-------- Supplied information

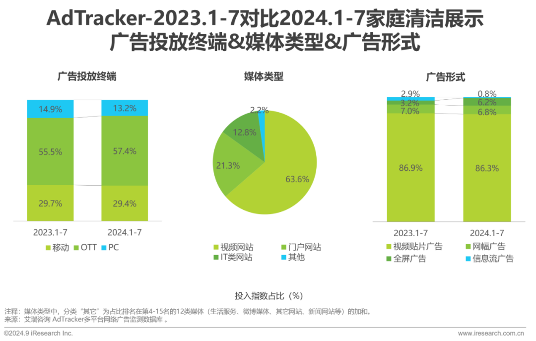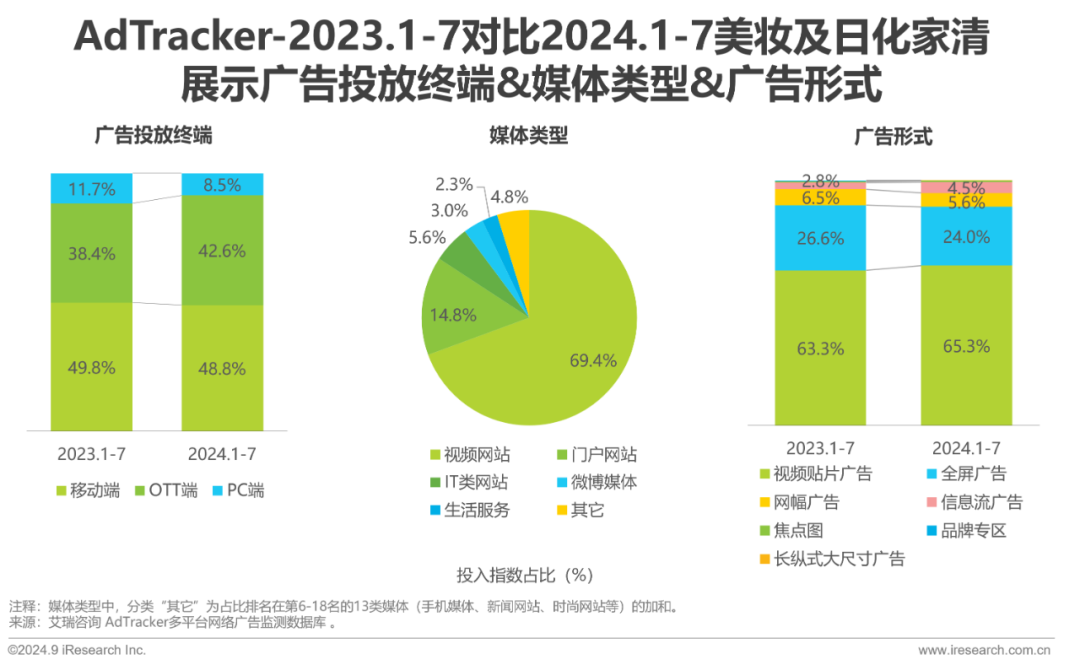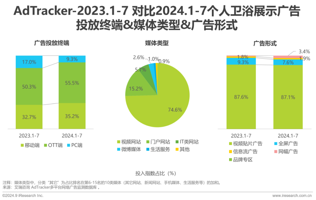 行业广告投入青睐促销节点,上半年个人卫浴投放势头强劲,打破美妆护肤惯常的领先地位。视频网站和视频贴片广告是行业主流的投放媒体与广告形式;OTT端挤占PC端投入份额,占比增至42.6%,成为仅次于移动端的投放终端。
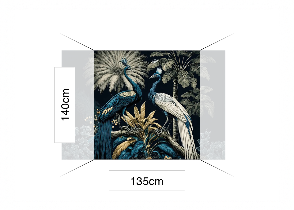 Plongez dans l'élégance intemporelle avec notre "Papier peint paons et arbres", un motif qui transforme toute pièce en un véritable sanctuaire de raffinement et d'exotisme. Ce décor mural, inspiré par l'art déco, présente des paons majestueux aux plumes chatoyantes, se déployant parmi des feuillages tropicaux luxuriants. Les tons de bleu nuit, de blanc et d'or créent une atmosphère sophistiquée, parfaite pour une décoration intérieure raffinée. Idéal pour une chambre à coucher, ce papier peint apporte une touche de jungle urbaine, invitant à la détente et à la méditation.
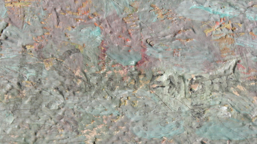 CONDITION: Scattered cracklure to the heavily applied paint areas.
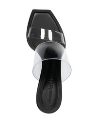 100mm double-strap sandals These mules from Alexander McQueen are crafted with two transparent front straps and a lightly padded, logo-debossed footbed. They're set on a high stiletto heel and boast a square open toe. Highlights - Black/transparent - Calf leather - Slip-on style - Branded footbed - Square toe - High stiletto heel Made in Italy Composition Rubber 100% SIZE & FIT Measurement HEEL 3.93 in(10 cm) Sole height 0.39 in(1 cm)
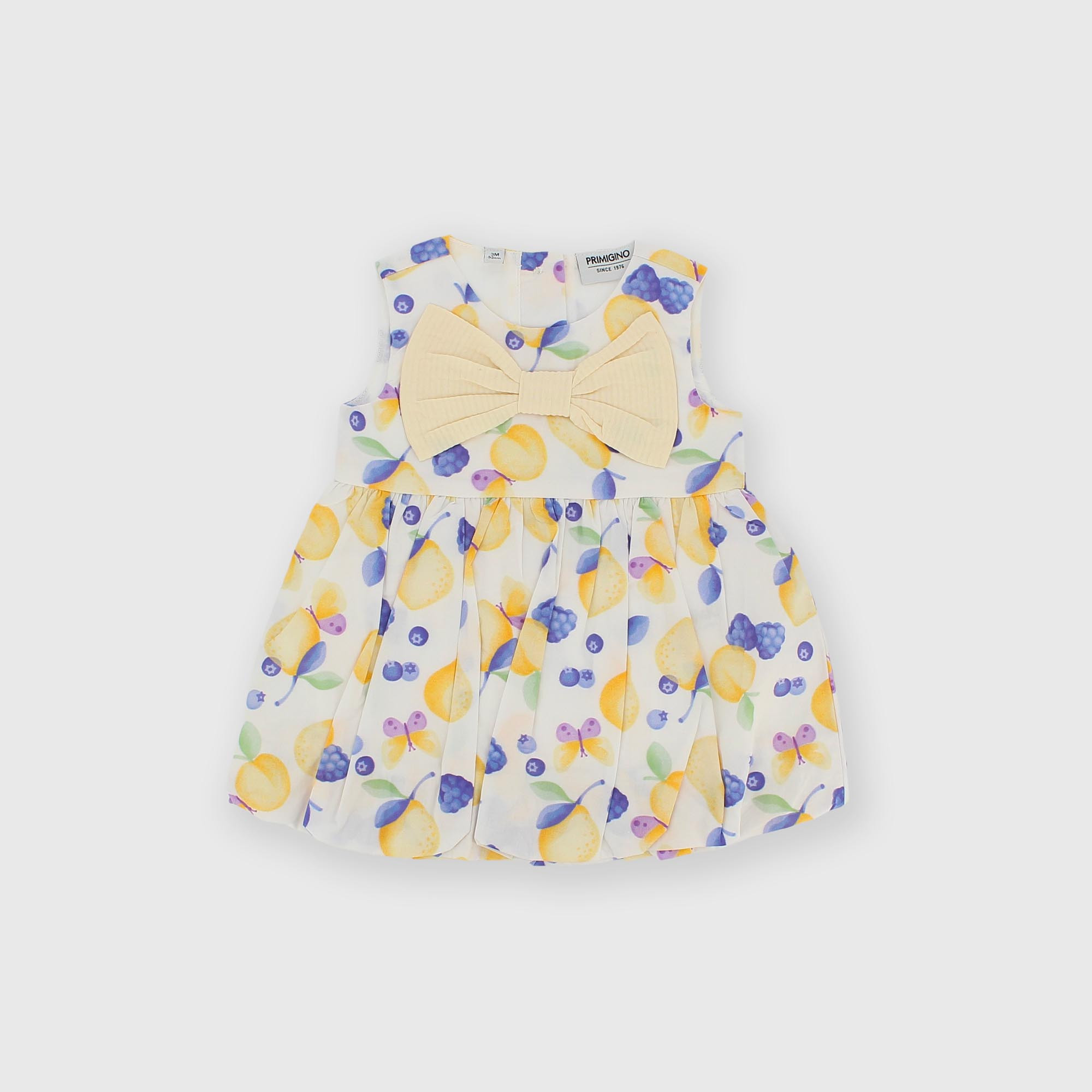 - Bavlněné šaty s průramky. Zapínání na knoflíky vzadu. Aplikace mašle vpředu. Celoplošný potisk ovoce.
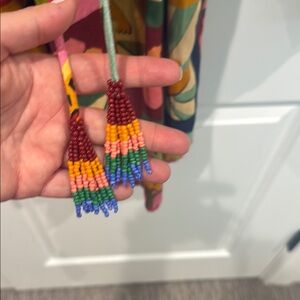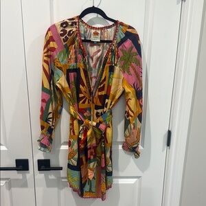 Vibrant linen dress featuring a mix of animal and geometric prints. Long sleeves with ruffle cuffs. Includes a matching belt for a cinched waist.
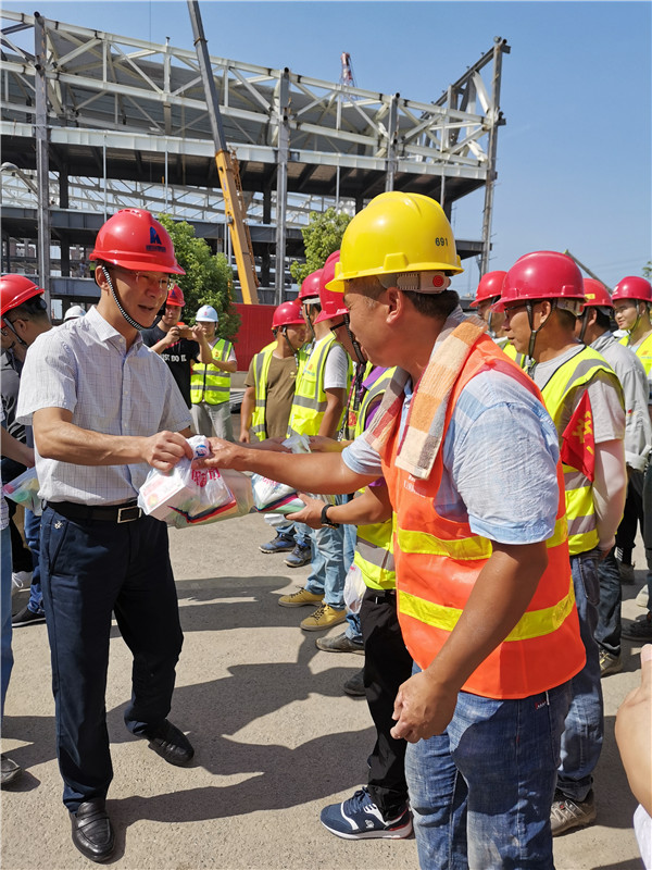 8月1日,,,,,,工会主席田新霖与工会委员李锋、本级工程中心代表丁巍、工业修建工程部代表朱一锋来到项目施工现场,,,,,,划分慰问了浙江梵学院二期(弥勒圣坛)工程、浙江华川深能环保义乌垃圾发电项目以及绍兴技师学院(筹)易地新建工程EPC总承包工程的一线施工职员。。。。每到一处,,,,,,工会向导都与员工逐一握手,,,,,,送上清凉礼包。。。。项目施工现场清洁整齐,,,,,,生爆发涯秩序井然。。。。工会主席田新霖特殊嘱咐项目现场认真人,,,,,,一定要落实好公司的相关防暑降温行动,,,,,,确保项目施工清静,,,,,,保质保量的完成施工使命。。。。
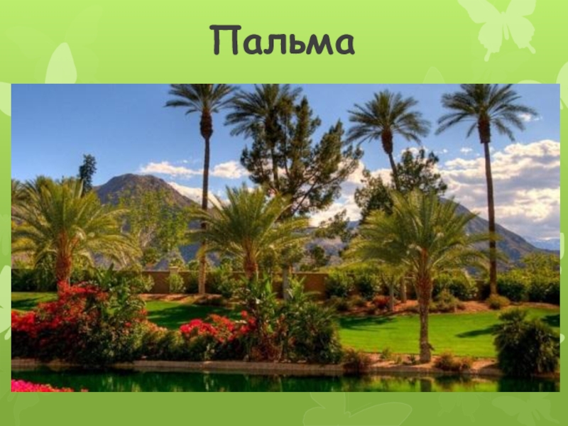Слайд 5В приморском парке росли деревья и кусты, собранные со всех сторон
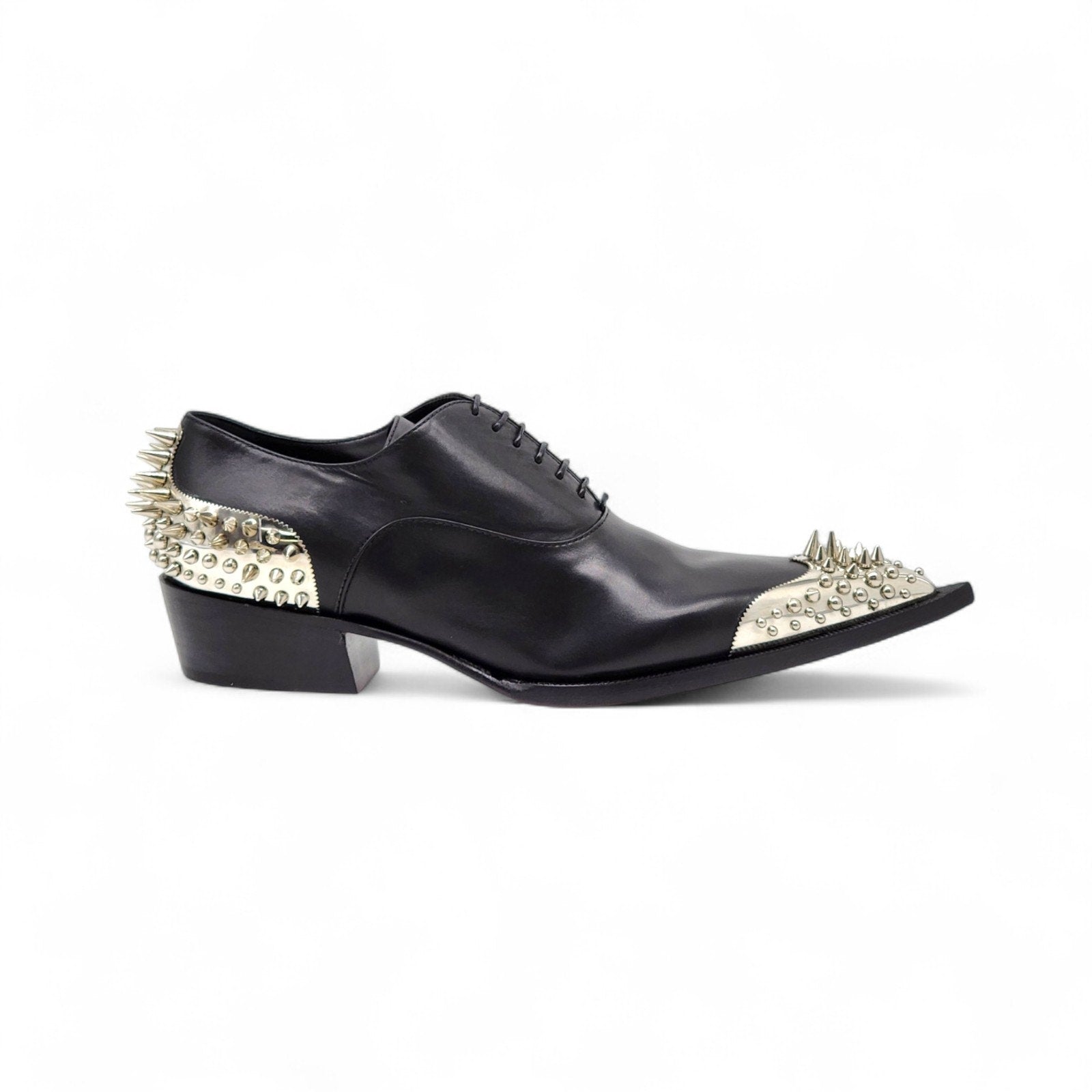 Add edge to elegance with the Christian Louboutin Cheliviss Meteor Flat, a rare limited-edition design meticulously handcrafted in Italy. Made from sleek black leather, these lace-up Oxford-style shoes feature a sharply pointed toe and polished silver-tone spikes adorning the heel and toe cap. The bold silhouette balances refinement with attitude, finished with the iconic red lacquered sole that defines Christian Louboutin’s signature craftsmanship and style.
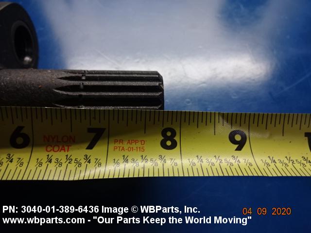 3040-01-389-6436 A shaft having two or more different diameters (greater than 0.031 inches (0.79 millimeter)) along its length. It must have one or more of the following conditions: a specified surface finish designation in the range 1 to 125 microinches (0.025 to 3.2 micrometers) arithmetical average (AA), machined peripheral flat(s), circular groove(s), keyway(s), splines, threads, or holes. The ends and/or shoulders may be machined to accommodate bearings, couplings, and the like. It is not designed for use in aligning by fitting into corresponding holes of another item. For items used to support rotating members see AXLE(1), SHOULDERED. For items not having any of the above conditions see PIN, SHOULDER, HEADLESS. Excludes SHAFT(1), STRAIGHT; and AXLE(1), STRAIGHT.
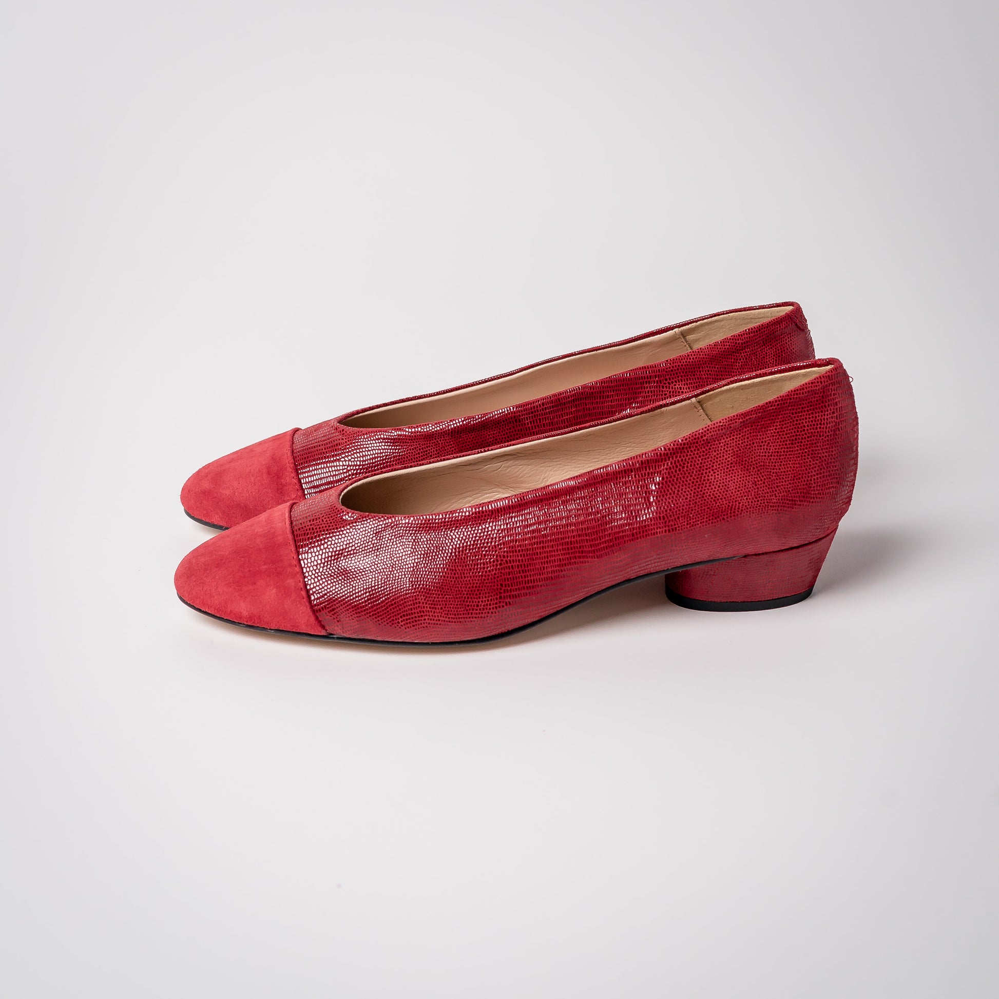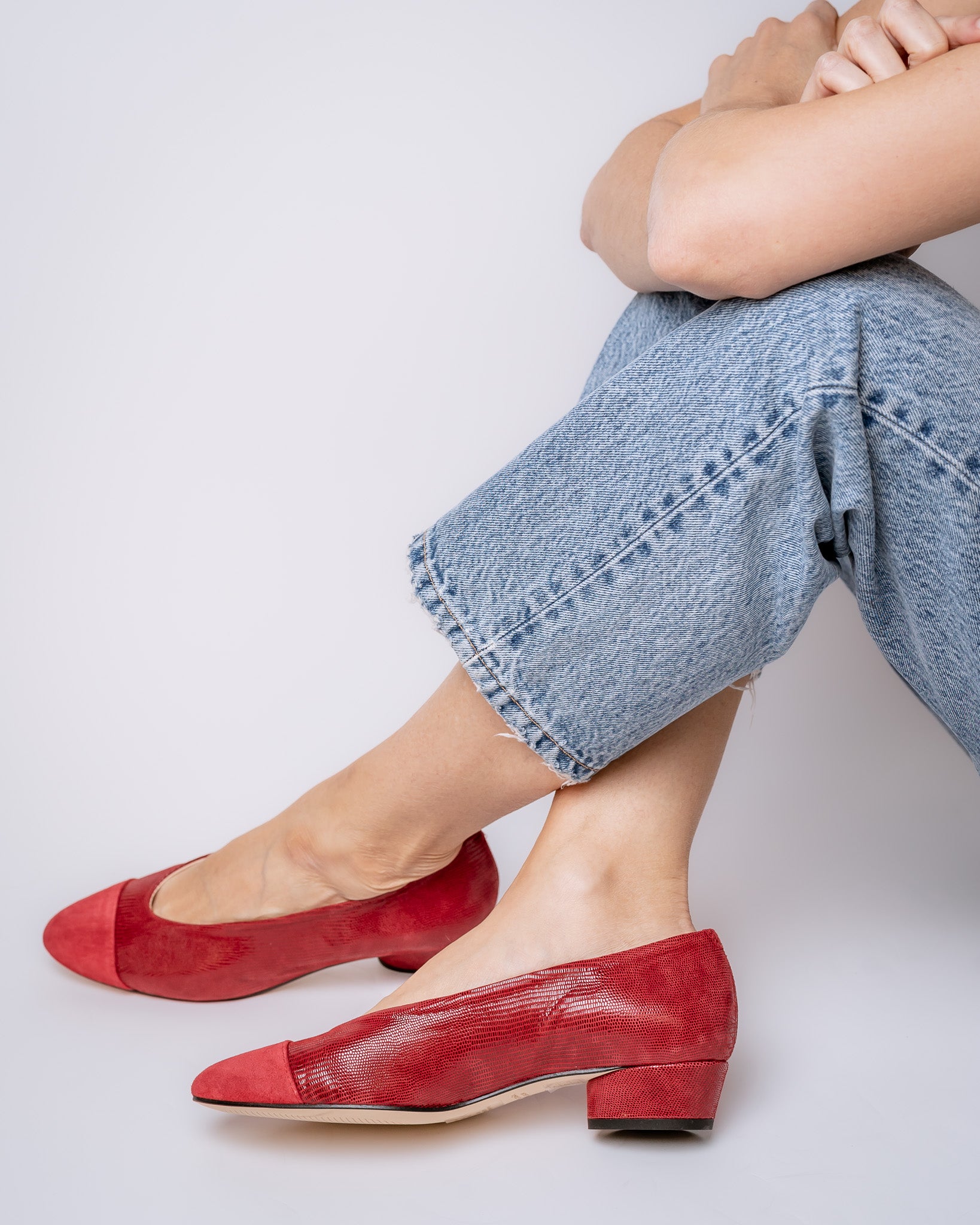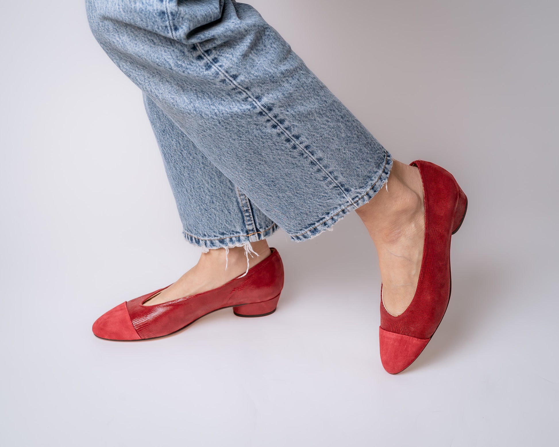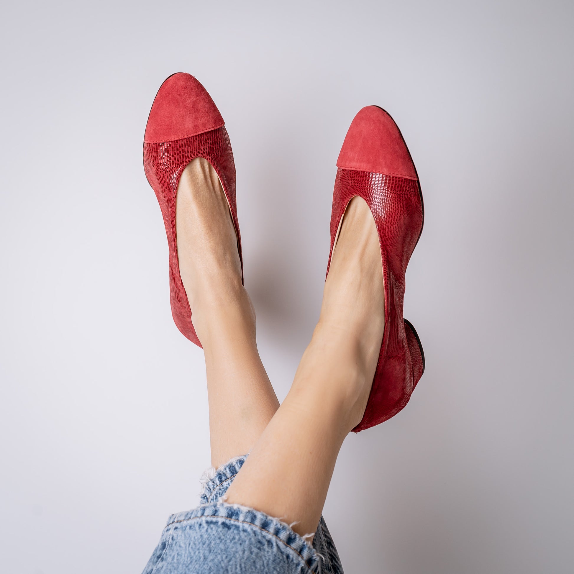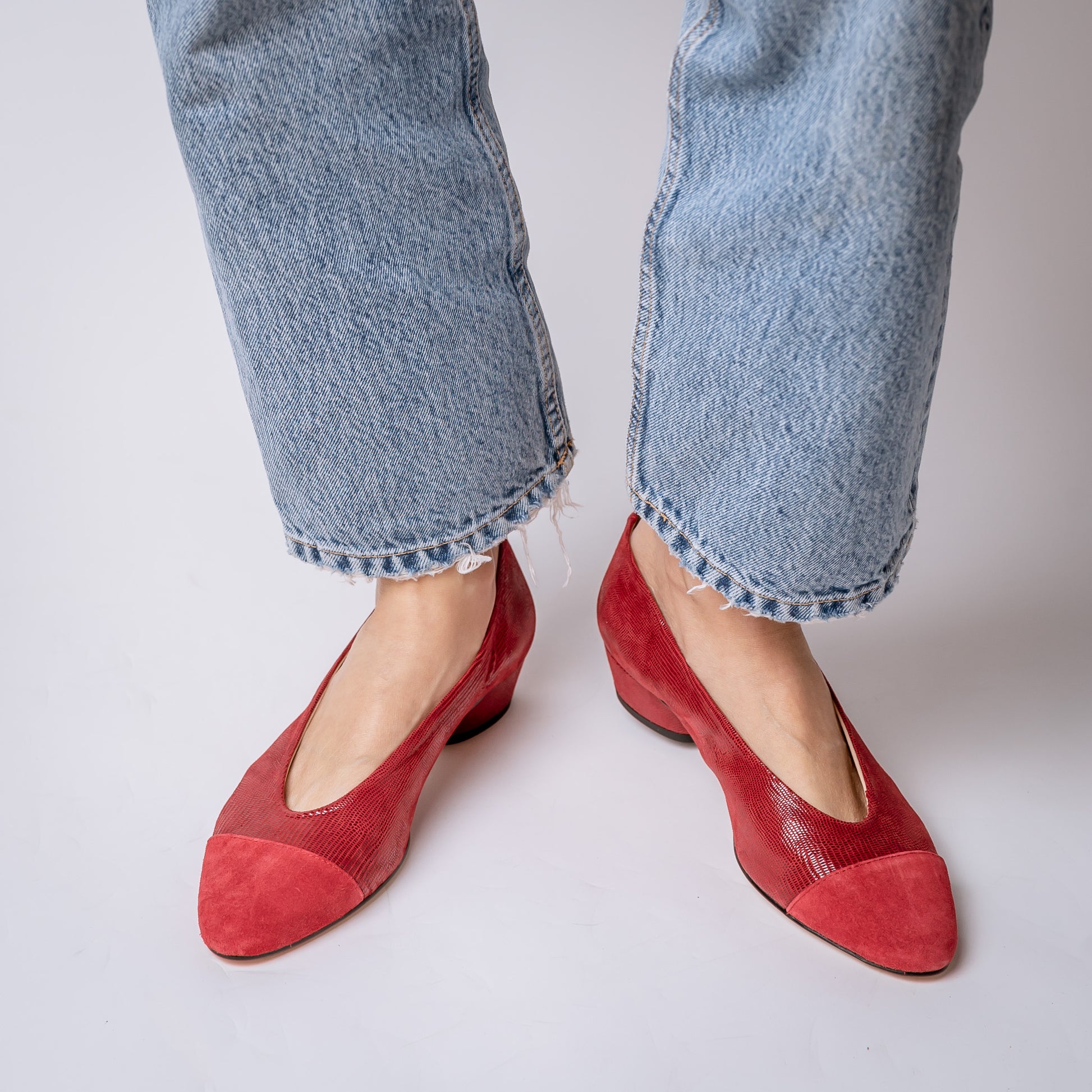 Bailarina bicolor con escote en U, cuero rojo grabado con punta gamuza roja, forro interior cuero, tacon 3 cm, suela cuero antideslizante. Es perfecta para el día a día, puedes usarlas tanto de día como de noche. Atemporal y clásica, elevará cualquier tenida.

----------------

• Task: Look above for the line with "100mm double-strap sandals" and the line with "- Bavlněné šaty", then copy them and all lines in between exactly as written, and only those, without any pictures.

• Output below:
 100mm double-strap sandals These mules from Alexander McQueen are crafted with two transparent front straps and a lightly padded, logo-debossed footbed. They're set on a high stiletto heel and boast a square open toe. Highlights - Black/transparent - Calf leather - Slip-on style - Branded footbed - Square toe - High stiletto heel Made in Italy Composition Rubber 100% SIZE & FIT Measurement HEEL 3.93 in(10 cm) Sole height 0.39 in(1 cm)
 - Bavlněné šaty s průramky. Zapínání na knoflíky vzadu. Aplikace mašle vpředu. Celoplošný potisk ovoce.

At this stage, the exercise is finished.